5 research outputs found
Interscanner Variation in Brain MR Lesion Load Measurements in MS Using Conventional Spin-Echo, RARE and Fast FLAIR Sequences.
BACKGROUND AND PURPOSE: Different MR pulse sequences have been proposed for measuring multiple sclerosis (MS)-related abnormalities. The reproducibility of measured brain MS lesion volumes was compared for MR images performed using different scanners and different pulse sequences.
METHODS: Nine patients with relapsing-remitting MS were each imaged on two scanners and, on each occasion, dual-echo conventional spin-echo, dual-echo rapid-acquisition relaxation-enhanced (RARE), and fast fluid-attenuated inversion recovery (fast-FLAIR) images were obtained. The lesion volume present on each image was evaluated three times by a single observer in random order, using a local thresholding technique.

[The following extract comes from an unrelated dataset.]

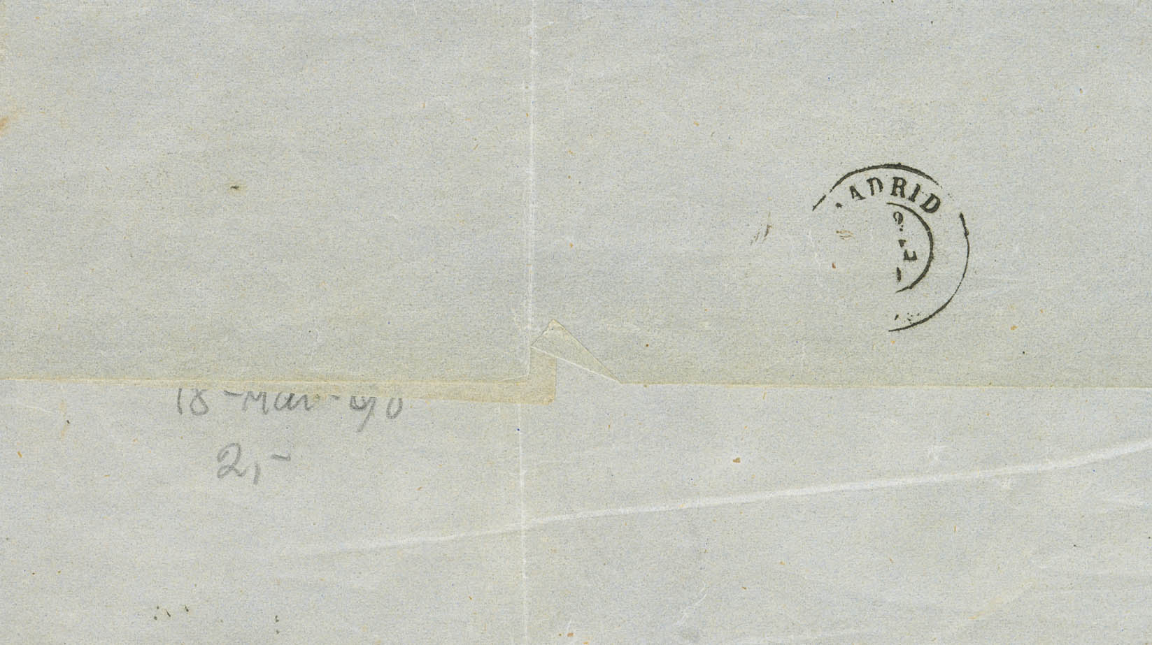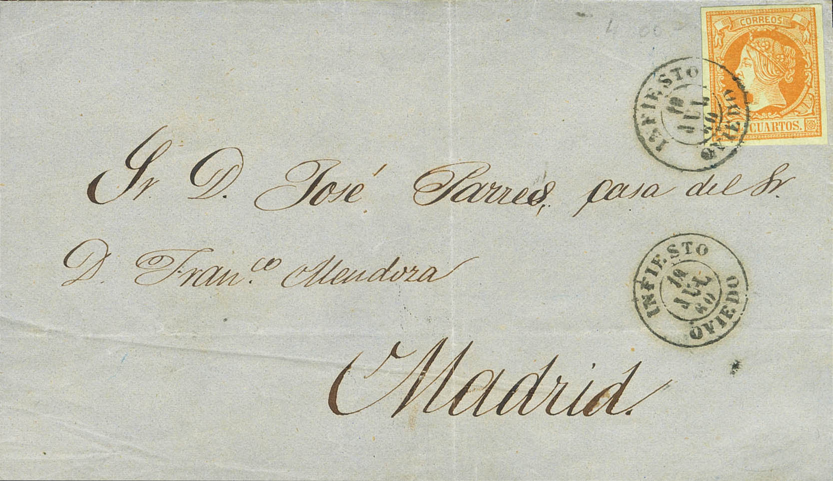 52. 1860. 4 cuartos amarillo. INFIESTO a MADRID. Matasello INFIESTO / OVIEDO. MAGNIFICA Y RARA.
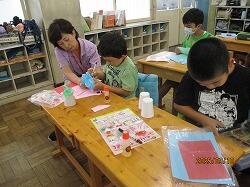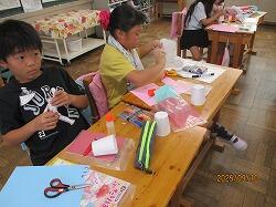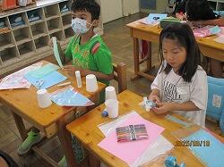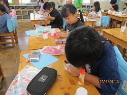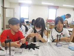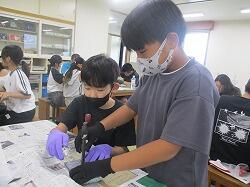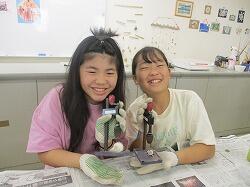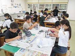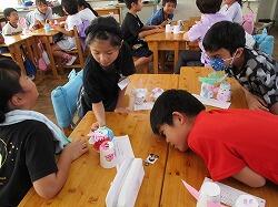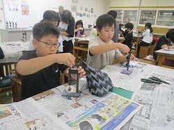 かたくてなかなか穴が空けられず、友達と協力しながら取り組みました。

RESULTS: The mean lesion volumes present on fast-FLAIR images were significantly higher than those measured on dual-echo conventional spin-echo and RARE images. The mean intraobserver coefficients of variation for the different sequences and scanners ranged from 3.0% to 4.2% (no statistically significant difference). For each of the sequences, the use of different scanners introduced a variability that was higher than the intraobserver variability: the interscanner coefficient of variation was 7.4% for conventional spin-echo, 9.5% for RARE, and 18.5% for fast-FLAIR images.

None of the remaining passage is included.